В завершение разговора, тесть с умным видом объяснил Константину (человеку с высшим медицинским образованием и бывшему председателю школьного биологического кружка!), что разделение гендерных ролей заложено природой. Мужчины стремятся поиметь как можно больше женщин, а женщины стремятся родить от лучшего из кандидатов и поиметь с него по максимуму всяческих благ для ребенка, ну и для себя тоже. Так что – терпи, дорогой зять, ведь против биологии не попрешь.

К этому моменту доканчивали третью поллитровку и сблизились настолько, что могли читать мысли друг друга. Стоило только Константину подумать о том, что теща по жизни заколачивала гораздо больше тестя, как тесть ехидно прищурился и спросил:

– А кто ее содержал, пока она институт заканчивала и с мало́й сидела? А после она два года в управлении кантовалась на восьмидесятирублевой зарплате, места хорошего ждала. А когда дождалась кто за место пятнадцать тысяч заплатил? Пушкин? Нет – Сашка Вышеградский! – тесть ткнул себя указательным пальцем в грудь. – Я еще на четвертом курсе бригаду сколотил и нормальные деньги зарабатывать начал! Я… ик!.. Сенкевичу из телевизора ремонт делал… И не только ему одному…

Короче говоря, пришел Константин к тестю с душевной болью, а ушел с головной. Выпить ноль семьдесят пять под хорошую закусь для него проблемы не составляло, но видимо в последней бутылке, выставленной тестем в ответ на две, принесенные зятем, была паленая водка. А потому что нечего покупать пойло где попало. Сам Константин затаривался крепкими напитками в известном на всю Москву магазине, расположенном в Столешниковом переулке. Дело было не в статусе магазина, а в знакомых продавщицах, которые своим людям абы чего не продавали.

Душевная ласковая баба у Константина на примете имелась. Даже не на примете, а буквально под рукой – новая медсестра Евгения Денисовна (она же – Женечка), пришедшая в поликлинику пару месяцев назад. Главная медсестра имела обыкновение «обкатывать» новеньких под присмотром наиболее правильных врачей, поэтому Женечка сразу же угодила на прием к Константину, который, став заместителем главного врача, сохранил за собой полставки эндокринолога. Не хотелось целиком уходить в административную работу, так можно и специальности лишиться, ведь знания держатся в голове до тех пор, пока регулярно используются. Да и для того, чтобы держать руку на пульсе, контролируя лечебный процесс, было полезно вести прием пациентов.

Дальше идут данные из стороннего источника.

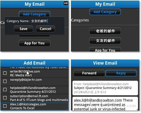 及時(shí)、安全的郵件收發(fā)是黑莓手機(jī)用戶鐘愛(ài)黑莓的重要原因之一。然而,當(dāng)成千上百封郵件堆積在郵件系統(tǒng)內(nèi),疏于整理和歸類,以至于你無(wú)法找到或者挑選你想要的那封郵件中的信息時(shí),你可能就沒(méi)那么Happy了吧?My Email應(yīng)用,可以稱之為你郵件系統(tǒng)的“管家婆”,安裝了它之后,你可以將所有郵件有條理的進(jìn)行分類管理:公私分明、客戶分明、項(xiàng)目分明、老板同事分明,想瀏覽哪類郵件一目了然。此外,對(duì)于那些及其重要的郵件,“管家婆”還可以幫你儲(chǔ)存在SD卡上,即使原郵件已經(jīng)被刪除,儲(chǔ)存的郵件也可以被找回,如此一來(lái),有限的手機(jī)存儲(chǔ)空間中就不必再存儲(chǔ)大量無(wú)關(guān)緊要的各種郵件,騰點(diǎn)空間給你心水的各種音樂(lè)圖片和視頻吧。

Как выяснилось позже, когда между ними установились близкие отношения, Женечка преподнесла главной медсестре французские духи за то, чтобы та поставила ее работать с доктором Ива́новым. Увидела его в коридоре, когда пришла устраиваться на работу, влюбилась с первого взгляда и начала действовать… Однако симпатичный доктор в течение полугода игнорировал щедрые Женечкины авансы, а если она предпринимала атаки, то ускользал с вежливой ловкостью опытного фехтовальщика. Бедная Женечка начала сомневаться в ориентации Константина Петровича и это сомнение ввергло ее в меланхолию. Не столько было жаль напрасно подаренных духов, сколько несбывшихся надежд.

С ориентацией у Константина все было в порядке, то есть – в полном соответствии с природными установками. Женечку он находил не только милой, но и весьма соблазнительной, но романов на стороне заводить не собирался. Не хотелось, чтобы их семейная жизнь превратилась в подобие той, что у тещи с тестем – оба ходят налево, а вместе живут по привычке и потому что ребенок должен расти в полноценной семье. А послушаешь, как этот самый ребенок иногда высмеивает мамочку и папочку… Эх, да что там говорить!

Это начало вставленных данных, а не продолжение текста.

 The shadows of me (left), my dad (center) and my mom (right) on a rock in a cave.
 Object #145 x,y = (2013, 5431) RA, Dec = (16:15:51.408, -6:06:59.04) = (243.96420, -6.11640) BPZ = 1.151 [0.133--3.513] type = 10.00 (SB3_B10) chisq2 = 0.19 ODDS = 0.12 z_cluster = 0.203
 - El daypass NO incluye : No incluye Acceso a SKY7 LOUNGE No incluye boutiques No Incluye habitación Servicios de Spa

С раннего детства мама и бабушка учили Константина тому, что с людьми надо уметь договариваться. Всегда, в любых случаях. Разумные люди понимают слова, а с неразумными лучше вообще не иметь дела. Следуя этому правильнейшему совету, Константин решил поговорить с Никой по душам. Не высказывать ей претензии – Боже упаси! – а просто обсудить то, что требовало обсуждения, начиная с половой жизни, сведшейся к двум-трем равнодушно-быстрым сближениям в месяц, и заканчивая всей домашней атмосферой в целом, которая из теплой и уютной превратилась в какую-то колючую, ледяную. Хотелось сесть рядком, поговорить ладком и вернуть себе ту, прежнюю, Нику, свой любимый одуванчик (кудряшки были единственным, что не изменилось в жене со дня знакомства).

Вечером, накануне запланированного разговора, Константин сказал Нике, что ему захотелось шарлотки, «такой, как тогда, ну ты помнишь…». Он рассчитывал на то, что приготовление шарлотки настроит Нику на благостно-ностальгический лад… Может, и проговаривать всего не понадобится, иногда один страстный поцелуй может заменить тысячу слов.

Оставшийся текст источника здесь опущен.